Debian, and so Ubuntu, documents the copyright licence of every files in every package. This is a very slow and tedious job but it's important that it's done both upstream and downstream because it you don't people won't want to use your software in a commercial setting and at worst you could end up in court. So I maintain the licensing policy and not infrequently have to fix bits which are incorrectly or unclearly licenced and answer questions such as today I was reviewing whether a kcm in frameworks had to be LGPL licenced for Eike. We write a copyright file for every package and again this can feel like more trouble than its worth, there's no easy way to automate it but by some readings of the licence texts it's necessary to comply with them and it's just good practice. It also means that if someone starts making claims like requiring licencing for already distributed binary packages I'm in an informed position to correct such nonsense.
When we were packaging KDE Frameworks from scratch we had to find a descirption of each Framework. Despite policies for metadata some were quite underdescribed so we had to go and search for a sensible descirption for them. Infact not infrequently we'll need to use a new library which doesn't even have a sensible paragraph describing what it does. We need to be able to make a package show something of a human face.

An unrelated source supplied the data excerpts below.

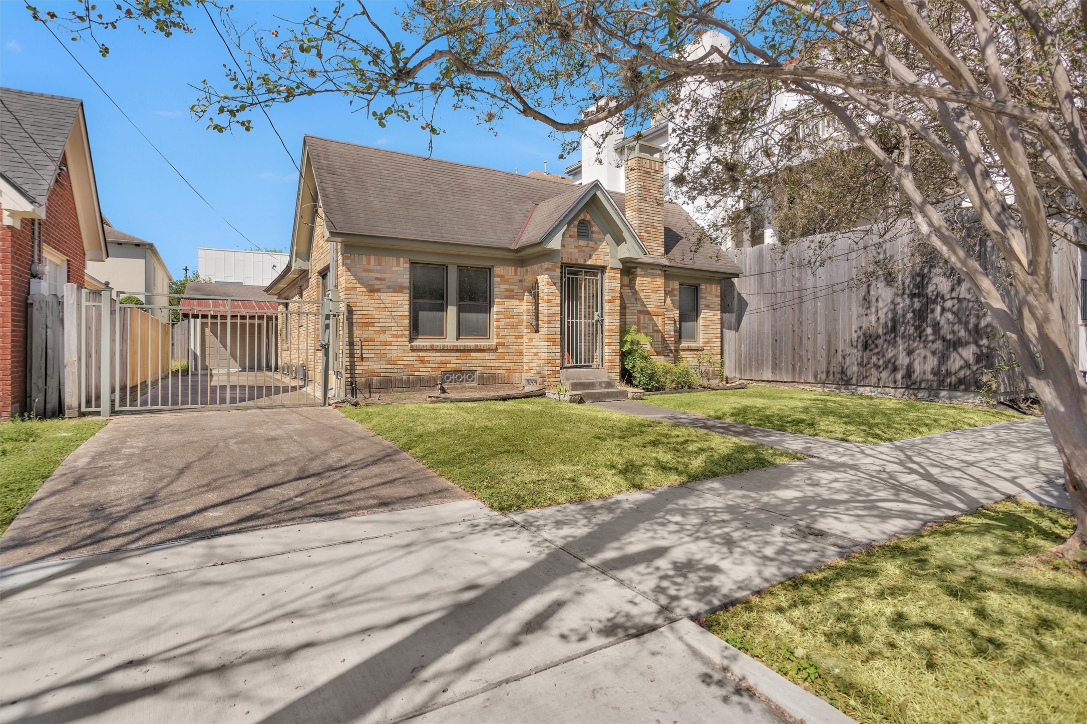 Location, Location, Location! Calling all investors and builders — incredible opportunity to remodel, expand, or construct a custom home or duplex from the ground up in one of Houston’s most desirable neighborhoods. 1937 Hyde Park bungalow near the River Oaks Shopping Area—just minutes to Downtown Houston, Allen Parkway, and Montrose. Natural hardwood floors anchor bright living and dining spaces with two bedrooms and one bath. The kitchen offers classic cabinetry, solid-surface counters, and full-size appliances; the bath includes plentiful storage and a walk-in shower. Private driveway with gate, two-car garage with workshop, and a paved backyard patio for outdoor dining.Celebrated for its period character, efficient layout, and unbeatable location near local cafés, parks, and everyday essentials. A versatile opportunity: enjoy as-is, update to taste, expand, or build new in an area with active construction, strong resale values, and endless potential. Being sold AS-IS.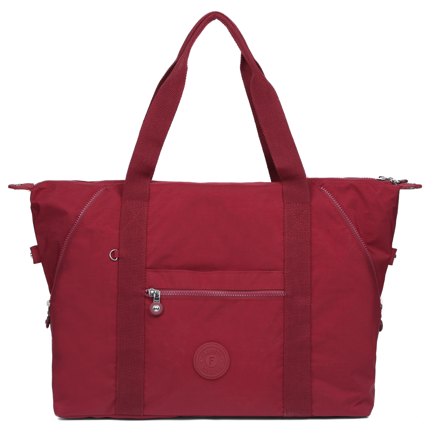 Текстильная сумка FABRETTI в бордовом цвете выполнена из высокотехнологичного влагостойкого полиэстера. Он практичен и прост в уходе. Основное отделение закрывается на молнию с 2 удобными поводками. Внутри 3 боковых кармана: 2 открытых и на молнии. На лицевой стороне предусмотрены 2 кармана: открытый и на молнии. На тыльной стороне расположен специальный рукав для крепления на ручку чемодана. На боковых сторонах модели расположены дополнительные молнии, которые при необходимости можно расстегнуть и увеличить внутренний объем сумки. У сумки есть две ручки средней длины, благодаря чему аксессуар удобно носить в руке или на плече.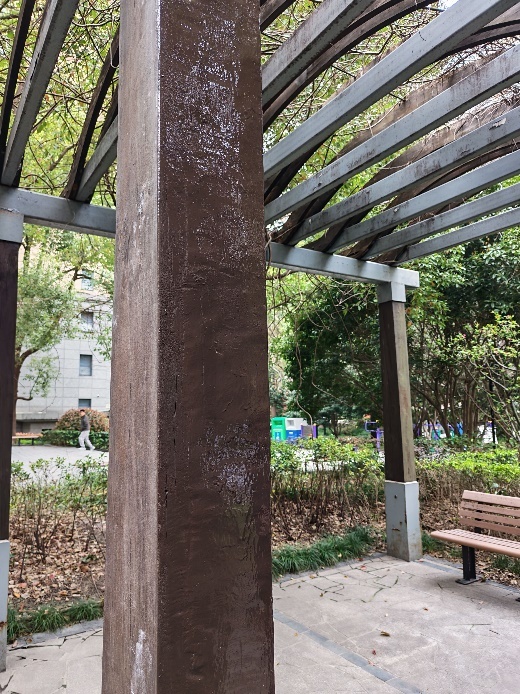 在专项排查中,物业服务团队发现小区中心花园凉亭木质立柱出现明显白蚁蛀蚀痕迹。该凉亭位于居民通行要道,若不及时处置,不仅会造成木柱松动坍塌,还可能导致蚁患扩散,威胁房屋与公共设施安全。

A recent addition to the world of .deb packaging is MultiArch which allows i386 packages to be installed on amd64 computers as well as some even more obscure combinations (powerpc on ppcel64 anyone?). This lets you run Skype on your amd64 computer without messy cludges like the ia32-libs package. However it needs quite a lot of attention from packagers of libraries marking which packages are multiarch, which depend on other multiarch or arch independent packages and even after packaging KDE Frameworks I'm not entirely comfortable with doing it.
Splitting up Packages
We spend lots of time splitting up packages. When say Calligra gets released it's all in one big tar but you don't want all of it on your system because you just want to write a letter in Calligra Words and Krita has lots of image and other data files which take up lots of space you don't care for. So for each new release we have to work out which of the installed files go into which .deb package. It takes time and even worse occationally we can get it wrong but if you don't want heaps of stuff on your computer you don't need then it needs to be done. It's also needed for library upgrades, if there's a new version of libfoo and not all the programs have been ported to it then you can install libfoo1 and libfoo2 on the same system without problems. That's not possible with distros which don't split up packages.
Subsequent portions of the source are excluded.